Dalam rangka untuk meredakan ketegangan, pada bulan Oktobe 1994, Korut dan AS menandatangani “Persetujuan Kerangka Kerja AS-Korut (DPRK-US Nuclear Agreed Framework,) dan AS berjanji untuk mendirikan sebuah organisasi internasional yang akan mendirikan proyek reaktor air ringan untuk Korut dalam sepuluh tahun, dan memberikan 500.000 ton minyak sebagai kompensasi energi setiap tahun sebelum konstruksi itu selesai. AS juga menjamin tidak akan menjadi yang pertama untuk menggunakan senjata nuklir terhadap Korut. Setelah itulah Korut mengizinkan IAEA untuk melakukan inspeksi.
Pada thaun 2001, setelah George W. Bush menjabat Prediden AS, dia meletakkan Korut, Iran, Irak sebagai “poros kejahatan (axis of evil) dan ancaman bagi perdamaian dunia.” Bush mengatakan: “Negara seperti ini, dan sekutu teroris, mereka ini merupakan suatu poros kejahatan, tujuannya untuk mengancam kedamaian dunia.’
Pada Sepember 2002, pemerintah AS merilis “Strategi Keamanan Nasional” yang percaya dengan strategi efek gentar (deterrence) akan melawan “negara jahat” dan terorisme, dan kerena itu, AS harus mengambil tindakan penyerangan duluan (preemptive action) pada target Korut. Dan Kesatuan ke-8 AS menyatakan 100% siap untuk itu.”
Pada Oktober 2002, AS tiba-tiba mengumumkanbahwa Korut telah mengakui memiliki program pengayaan uranium. Meskipun pernyataan itu dibantah Korut dan AS belum jelas “mengakui” itu, tapi pada bulan Desember tahun itu AS tetap menyetop memasok Korut minyak, dengan alasan Korut telah melanggar “Persetujuan Kerangka Kerja AS-Korut” sebagai alasan.
Kesal dengan situasi ini, Korut mendeportasi inspektur IAEA, dan mengumumkan mengundurkan diri dari NPT, dan krisis nuklir Korut pecah lagi.
Pada 28 Pebruari 2003, kolumnis “New York Times” Christopher menulis sebuah artikel yang mengungkapkan bahwa Bush meungkin bersedia mengambil resiko Perang Korea lagi, dan akan menyerang Korut pada musim panas tahun itu, sehingga angin perang bertiup lagi.
“Six-Party Talks.” (Pembiraan Enam Pihak)
Saat itu Tiongkok secara aktif men-mediasi semua kepala negara yang relevan.

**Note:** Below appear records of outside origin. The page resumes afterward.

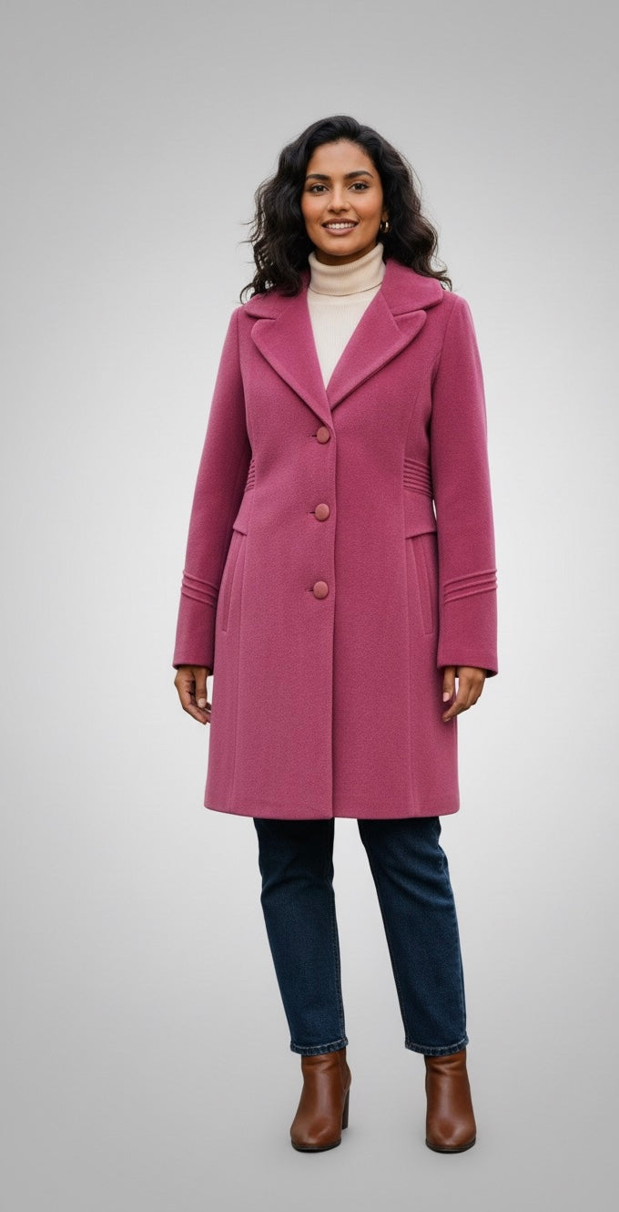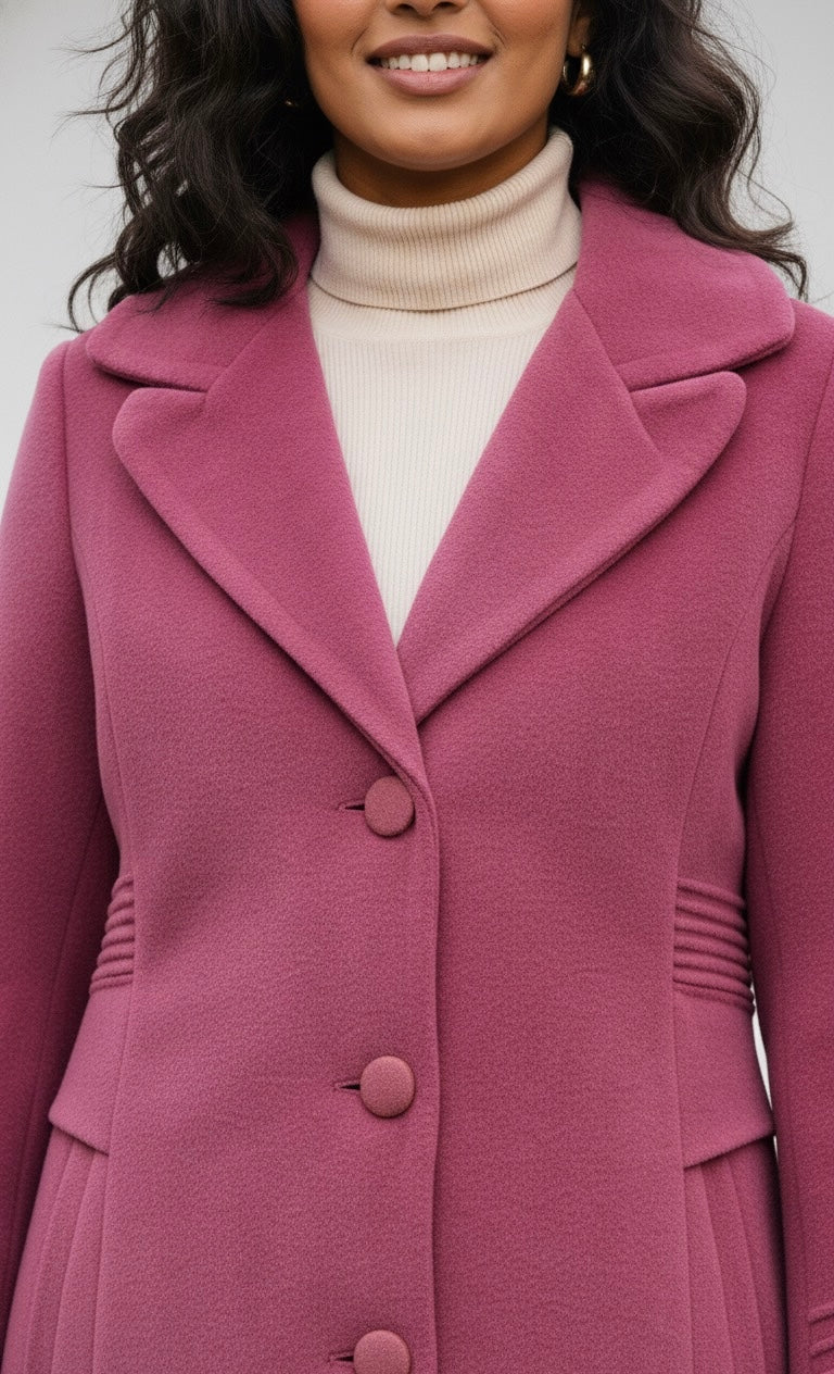 Stay effortlessly elegant this winter in our Blush Wool Overcoat. Crafted in a rich rose hue, this piece blends warmth with sophistication. Designed with a tailored fit, classic lapel collar, and covered buttons, it adds a refined touch to any outfit, from casual denims to formal layers.
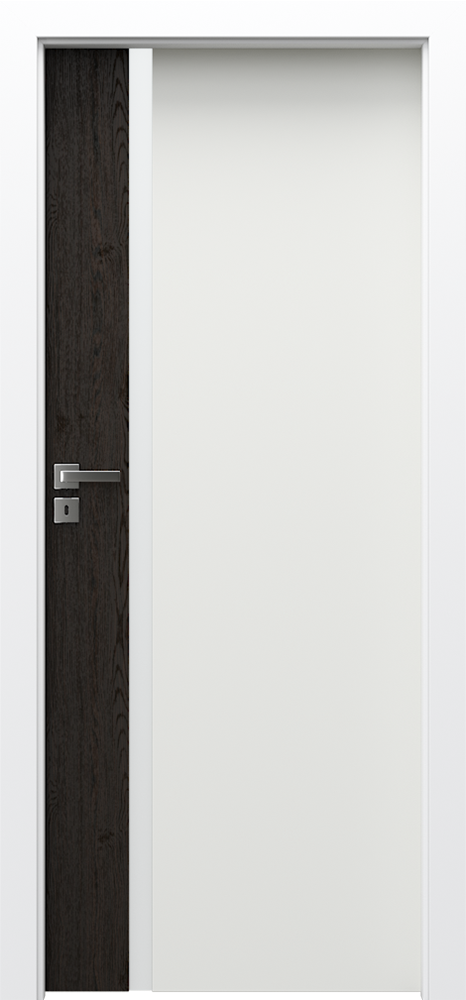 Крилото на вратата се състои от: широка, лакирана част и тясна вложка, покрита с естествен или синтетичен фурнир. Остъклена врата със закалено матово стъкло с дебелина 8 мм или черно ламинирано безопасно стъкло (опция срещу допълнително заплащане), което е част от крилото. Бяла лакирана част – сатенено-гладка лакова повърхност, постигната чрез технология за UV лакиране. Част от
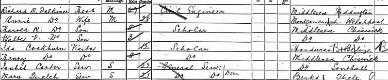 1891 Living with parents at 19 Arlington Park Gardens, Chiswick. His father is a Civil Engineer
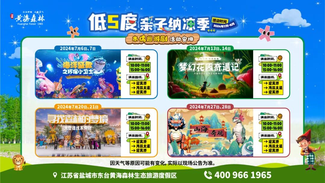 在悠长的夏季时光 常常天马行空 天真浪漫的幻想 伴着繁星涌入梦乡 但这个夏天,不单有梦 黄海森林低5度亲子纳凉季 多种主题儿童舞台剧 多场木偶巡游剧活动 带你走进梦中的魔幻世界 一次穿越时空的奇幻之旅! 巨型木偶剧巡游 已于7月6日开演 多部经典木偶剧作 以巨型木偶为载体 结合现代科技手段 呈现出令人惊叹的视听效果 巡游将在景区内演出 让更多的人领略到木偶艺术的魅力 演出活动路线: 迎宾桥→海林大道→迎宾桥 演出活动时间: 2024年7月13日、14日 10:00-11:00 15:00-16:00 因天气等原因可能有变化 演出活动路线: 迎宾桥→海林大道→迎宾桥 演出活动时间: 2024年7月20日、21日 10:00-11:00 15:00-16:00 因天气等原因可能有变化 演出活动路线: 迎宾桥→海林大道→迎宾桥 演出活动时间: 2024年7月27日、28日 10:00-11:00 15:00-16:00 因天气等原因可能有变化 与巨型木偶邂逅以后 黄海森林国际会议中心 准备了精彩的儿童舞台剧 多种主题剧本接连演绎 带你穿越不同的魔幻世界 7月10日 14:58开抢早鸟票 早鸟票38元起 数量有限 先抢先得 如果你想知道 生活在童话世界里是什么感觉? 魔法师将带大家进入怎样的世界? 礼物盒里将会出现什么? 两把凳子如何引发“世纪之战”? 梦幻的泡泡如何俘获你的童心? 童话的大门应该如何开启? 那就快来《小丑时光机》 带你进入梦幻的童话世界 演出活动地点: 黄海森林国际会议中心一楼水杉语厅 演出活动时间: 2024年7月18日 16:00-16:40 2024年7月18日 20:00-20:40 2024年7月19日 16:00-16:40 2024年7月19日 20:00-20:40 跟随多萝西飞跃彩虹,穿越到神秘的奇境森林! 完成游戏挑战,获取神奇的魔力元素! 2米高巨型铁皮人空降演出现场! 现场互动游戏环节!123木头人!千万不要被稻草人发现哦! 搞怪有趣的花朵精灵,带你揭开奇境森林的神秘面纱! 奇境森林里究竟有什么秘密?等你同我们一起去探险! 演出活动地点: 黄海森林国际会议中心一楼水杉语厅 演出活动时间: 2024年7月20日 16:00-16:45 2024年7月20日 20:00-20:45 2024年7月21日 16:00-16:45 2024年7月21日 20:00-20:45 很久很久以前,有一个古董收藏家,被称为蒸汽先生,他痴迷于收集蒸汽时代的各种东西,其中有一组蒸汽木偶躺在他的柜子里,那里有各种有趣的想法和不可思议的挑战。相传,只要拨动开关,就能打开这个世界的大门,让这个疯狂而又充满欢乐的童话世界重新焕发生机。而这里是梦开始的地方... 女士们先生们欢迎来到疯狂蒸汽世界。 演出活动地点: 黄海森林国际会议中心一楼水杉语厅 演出活动时间: 2024年7月23日 16:00-16:40 2024年7月23日 20:00-20:40 2024年7月24日 16:00-16:40 2024年7月24日 20:00-20:40 观众将会跟随艾尔莎女王一同进入神秘的仙冰雪仙境,体验一场身临其境,如梦似幻般的冰雪之旅! 一起学习神奇的魔法!获得由公主颁发的专属魔法棒!帮助艾尔莎女王共同对抗邪恶的黑暗势力! 美妙动听的经典旋律,曼妙绚丽的动感舞姿,让我们一起尽情高歌热舞! 魔法森林里究竟有什么秘密?等你同我们一起去探险! 演出活动地点: 黄海森林国际会议中心一楼水杉语厅 演出活动时间: 2024年7月25日 16:00-16:40 2024年7月25日 20:00-20:40 2024年7月26日 16:00-16:40 2024年7月26日 20:00-20:41 疯帽子遇到了天大的困难 爱丽丝决心帮助这位朋友 让我们一起进入梦游仙境 帮助爱丽丝渡过难关 演出活动地点: 黄海森林国际会议中心一楼水杉语厅 演出活动时间: 2024年7月27日 16:00-16:40 2024年7月27日 20:00-20:40 2024年7月28日 16:00-16:40 2024年7月28日 20:00-20:41 心动不如行动! 抢票最全攻略在这里
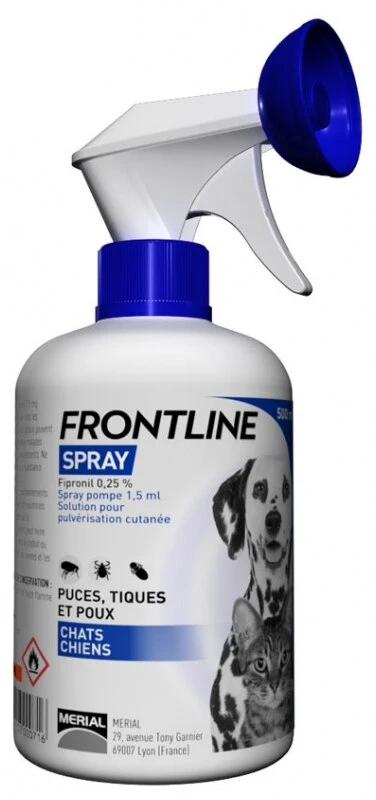 FRONTLINE Spray is a cutaneous spray solution containing 0.25% w/v fipronil, a member of the phenylpyrazole group of compounds, for external spray application.
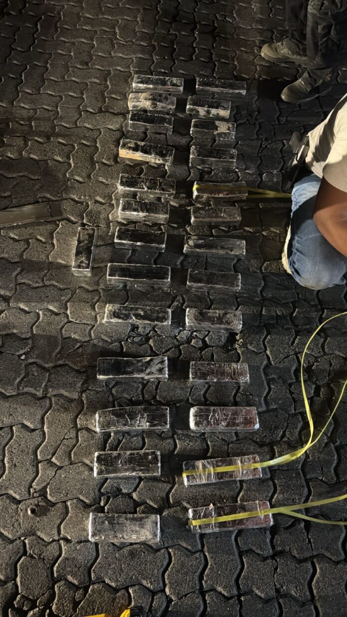 Tras iniciar el protocolo de verificación, los agentes y fiscales descubrieron varios compartimientos secretos, (caletas) ingeniosamente preparados en las puertas y en el piso del contenedor, en cuyo interior se incautaron un total de 69 paquetes, en forma de barras, envueltos en papel de aluminio y fundas plásticas.
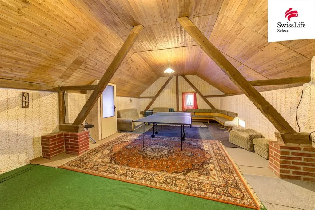Na rozlehlém rovinatém pozemku je k dispozici zahradní domek s elektřinou a dále udírna, kterou budete rádi využívat při rodinných oslavách nebo při letních večerech s přáteli. Na pozemku je funkční studna, která je napojena na rodinný dům. Na zahradě, která je ve velmi udržovaném stavu jsou plodící ovocné stromy a keře. V zadní částí domu se nachází velká garáž s příjezdovou cestou pro dva osobní automobily.
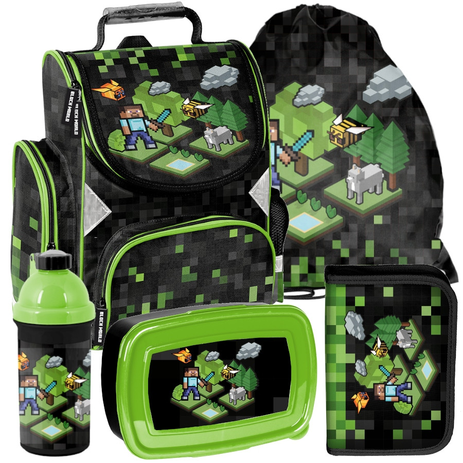 BORSA SCUOLA Zaino PASO MINECRAFT pixels - SET 5 pezzi!!
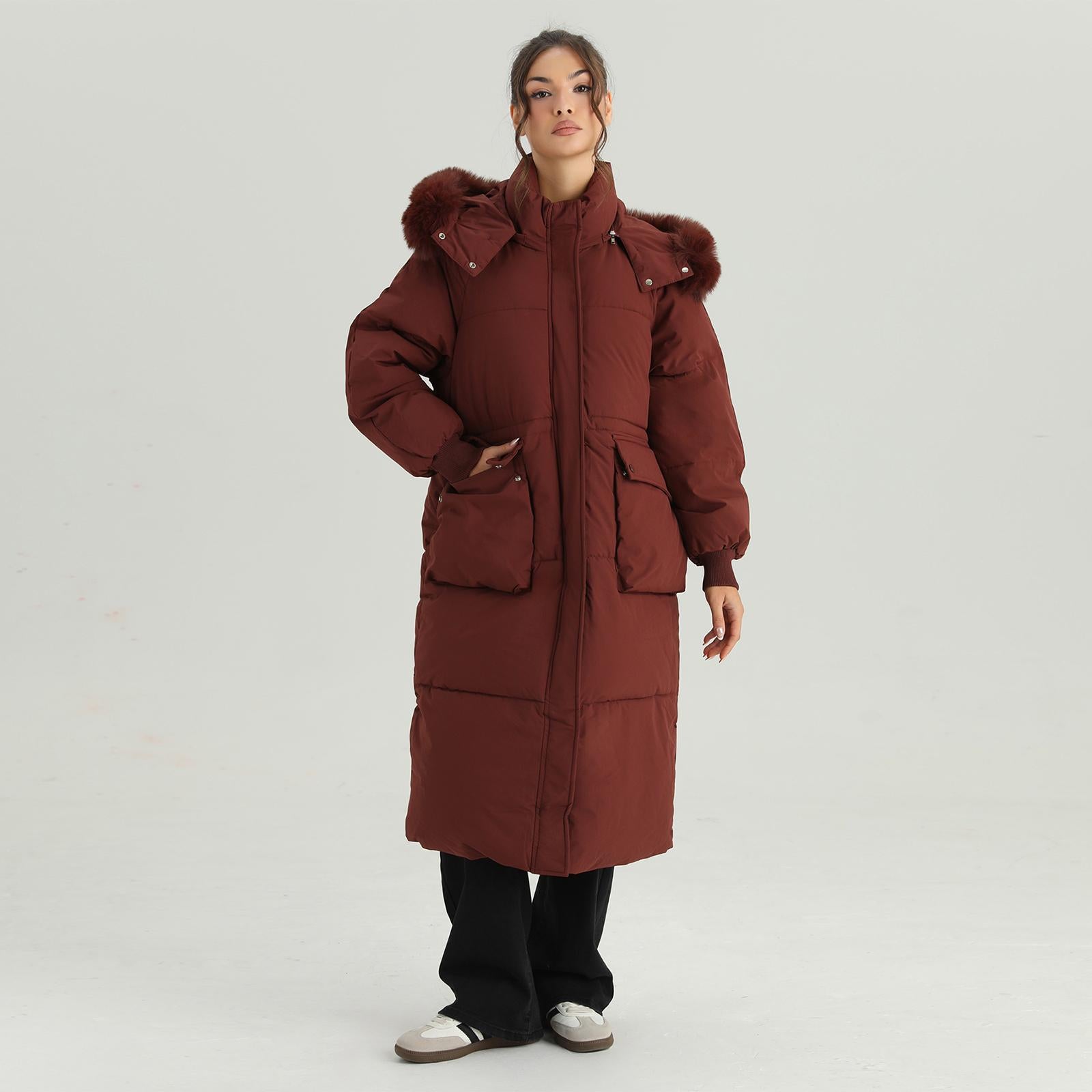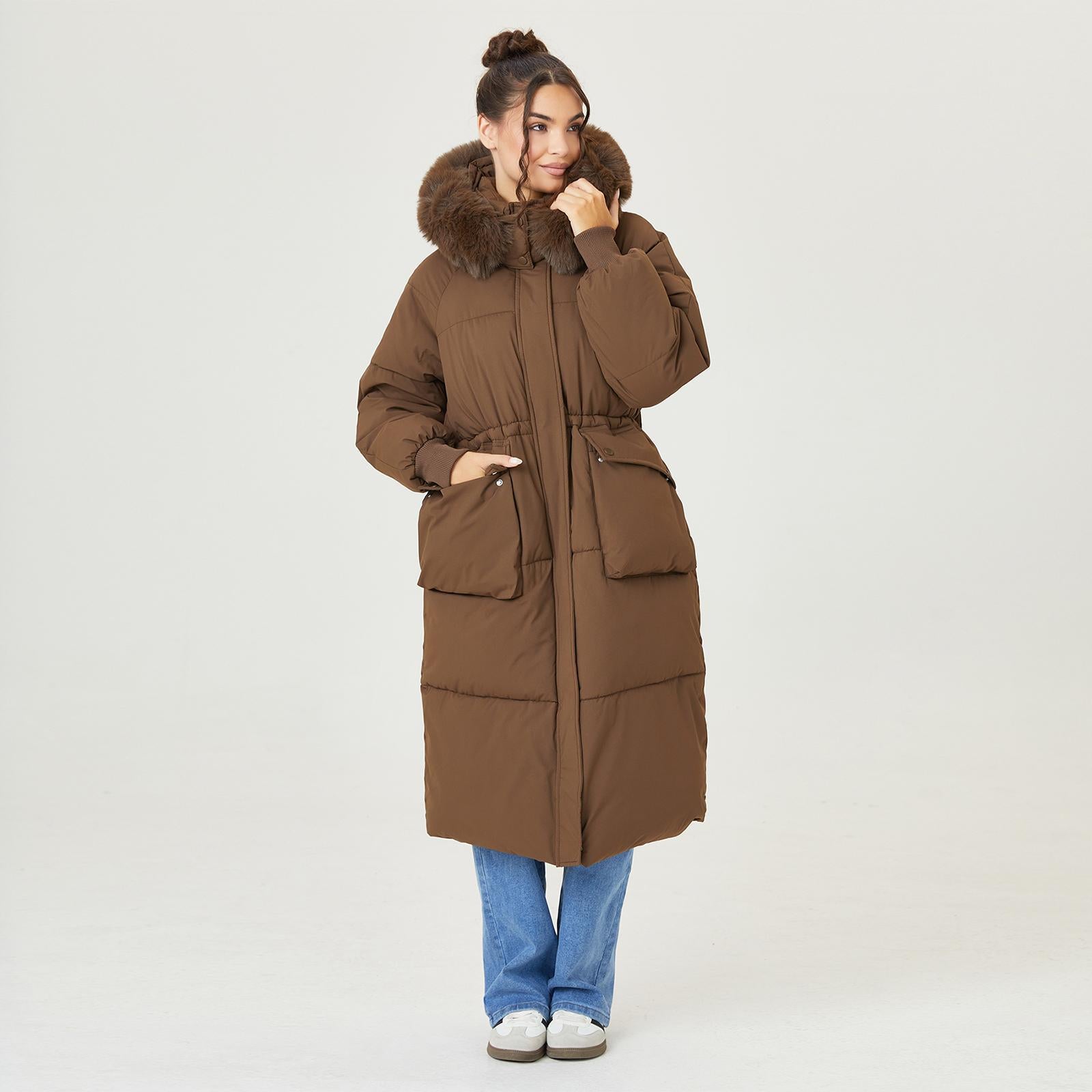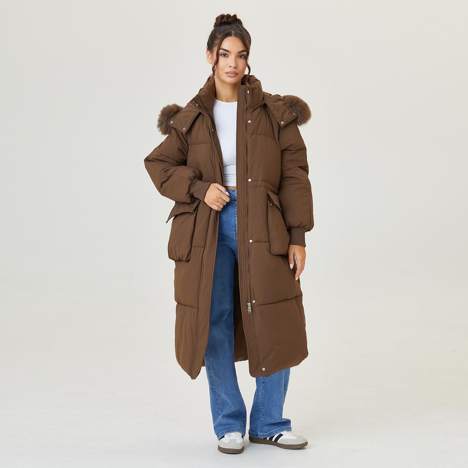 Details: Long sleeves, Attached fluffy hood, Flap pockets, Mid-length, Thermal fabric
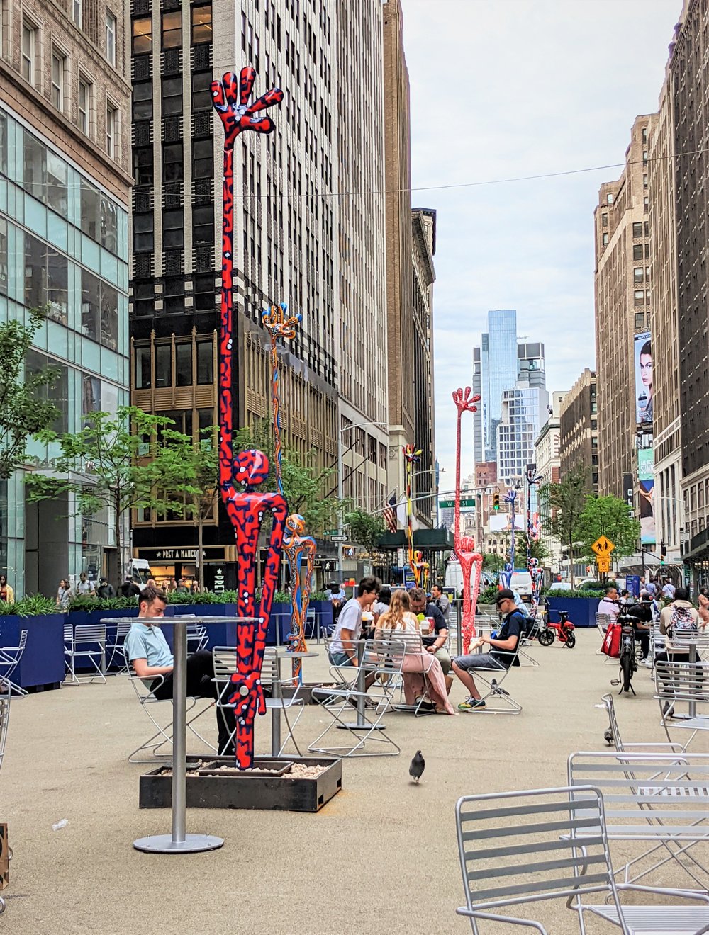 La verdad, yo no lo conocía hasta hace unos días, pero lo de Nueva York creo que tiene relación con las meninas. Una misma estructura que parece una mala interpretación de las figuras de Keith Haring sobre las que se aplican distintos acabados coloristas a mi modo de ver bastante torpes.
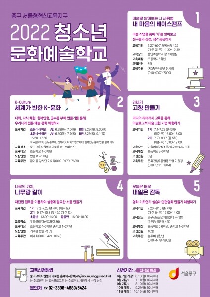우선 중구교육지원센터는 지난 27일부터 '2022 청소년문화예술학교'를 열고 관내 청소년들을 위한 프로그램 운영에 나섰다.
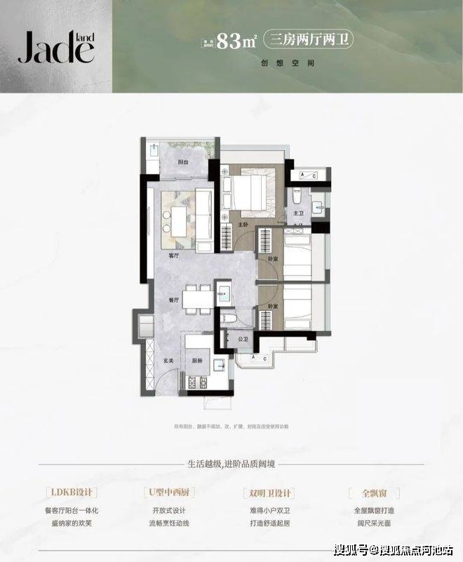 83㎡的3房2厅1.5卫,设计的是竖厅格局,进门入户玄关,LDKB一体化,S墙设计预留冰箱卡槽位,U型厨房,主卫少了淋浴,公卫三段式分离,得房率约92%(包含赠送),阳台西北朝向。
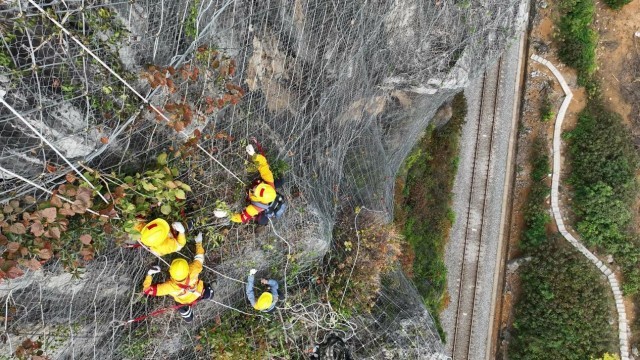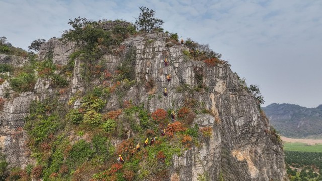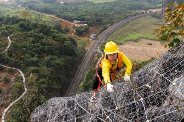 一个半小时后,“爬山虎”突击队抵达崇左市的一个作业区,四周全是陡峭的石山。队员们从车上卸下装备,开始穿戴安全绳和安全帽。“主要任务是检查既有的主动网、被动网是否有松动、脱落、锈蚀,或者有包裹不到位的危石”,杨发登和队员们要严格按照要求在天窗期内,也就是没有火车通过的时候作业,施工时间有限。

Pada Agustus 2003, Perwakilan dari Tiongkok, Korut, AS, Korsel, Rusia dan Jepang datang ke Beijing, mereka mengadakan putaran pertama “Six-Party Talks.” (Pembiraan Enam Pihak).
“Six-party Talks.” atau Pemebicara Enam Pihak, pembicarannya berdasarkan pada Korut menyerahkan senjata nuklirnya, dan secara komprehensif menyelesaikan masalah normalisasi Korut, yang dengan kata lain berarti membangun hubungan doplomatik dengan AS dan Jepang, dan kemudian juga menciptakan mekanisme untuk perdamaian permanen di Semenanjung Korea.
Seperti diketahui, setelah Perang Korea berakhir pada tahun 1953, “Perjanjian Gencatan Senjata Korea” (Korean Armistice Agreement) yang telah ada selama lebih dari setengah abad ini, namun ternyata kedua belah pihak belum menandatangani perjanjian damai. Korut dengan AS dan Korsel masih diambang peperangan.
Hingga hari ini, baik AS dan Korsel masih tidak mau mengakui Korut sebagai negara normal, walaupun Korut (DPRK) merupakan anggota PBB, mereka belum menjalin hubungan diplomatik, jadi hal pertama bagi Korut yang perlu diatasi adalah masalah kelangsungan kehidupan politiknya.